U.S. production has grown at a record-setting pace this year, hitting 10.9 million barrels a day this month after oil prices exceeded $70 a barrel for the first time since 2014. That makes the U.S. the world's No. 2 oil producer behind Russia, but ahead of Saudi Arabia.
OPEC members, plus Russia, came to an agreement two years ago to cut production to shrink excess supply and prop up prices. At the meeting last week in Vienna, OPEC ministers cobbled together a deal to reverse course and boost oil output by an effective 600,000 barrels a day to head off a possible run to $100-a-barrel oil. Russia said over the weekend that it would support OPEC's efforts.

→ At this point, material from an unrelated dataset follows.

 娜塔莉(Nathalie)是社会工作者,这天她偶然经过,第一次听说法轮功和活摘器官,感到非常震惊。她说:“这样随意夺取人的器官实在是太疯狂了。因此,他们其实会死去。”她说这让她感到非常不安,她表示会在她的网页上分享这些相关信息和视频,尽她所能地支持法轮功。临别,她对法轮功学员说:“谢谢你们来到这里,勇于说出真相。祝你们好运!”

Now U.S. shale companies are again in position to benefit from OPEC's market-balancing actions.
Speaking at the meeting in Vienna, Scott Sheffield, chairman of Pioneer Natural Resources Co. , said the company has a shared interest with OPEC in preventing overheated prices. High prices generate a short burst of profits but can undermine economic growth and tamp down demand.

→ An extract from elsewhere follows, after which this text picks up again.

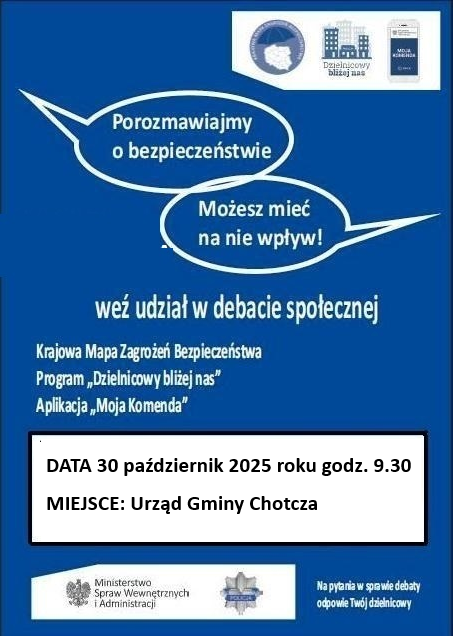 Komendant Powiatowy Policji w Lipsku insp. Witold Krawczyk zaprasza mieszkańców gminy Chotcza na gminną debatę społeczną pn."Porozmawiajmy o bezpieczeństwie - możesz mieć na nie wpływ". Debata odbędzie się 30 października 2025 roku o godz. 9:30 w Urzędzie Gminy w Chotczy.

Mr. Sheffield said: "$100 is not going to help OPEC. It's not going to help us in the Permian." His company is one of the top drillers in the Permian Basin of West Texas and New Mexico.
OPEC's new barrels also come at an opportune time for shale companies, which are facing production-threatening infrastructure constraints in the Permian, the country's most active drilling region. Analysts say Permian producers might have to scale back drilling until new pipelines come online in 2019.
U.S. shale companies now have some breathing room, said R.T. Dukes, a director at the energy consulting firm Wood Mackenzie.
"It leads to a little bit lower price this year, but a little bit higher price next year because you have less spare capacity, less potential for OPEC to raise production," he said. "That'll be great timing for them as they'll be ramping up getting ready for those pipeline expansions to come online in the second half of the year."
OPEC's decision wasn't without drama, as Saudi Arabia pushed other member nations to agree to an increase after a contentious week of meetings. Members such as Iran, Venezuela and Libya approved the deal but have a limited ability to produce more oil themselves because of geopolitical concerns and production constraints.
The relationship between U.S. producers and OPEC hasn't always been so symbiotic.
Initially blindsided by the advent of fracking technology and U.S. production increases, OPEC allowed oil prices to nose-dive from more than $100 a barrel in 2014 to less than $30 a barrel two years later, an apparent attempt to force shale drillers out of business.
Hopes that falling prices would kill shale producers proved hollow. U.S. drilling dropped significantly, but oil production hasn't fallen below eight million barrels a day since November 2013, even as oil prices fell roughly 75% from 2014 to 2016. U.S. production had averaged about 5.5 million barrels a day from 2000 to 2012.
"It may be the case that oil policy now in Russia and Saudi Arabia is run by single individuals, but there is no oil policy in the U.S. It's a market," said Ed Morse, global head of commodities research at Citigroup. "And there are 1,000 cockroach companies, and you can't stamp them out and you can't bankrupt them. They keep coming back."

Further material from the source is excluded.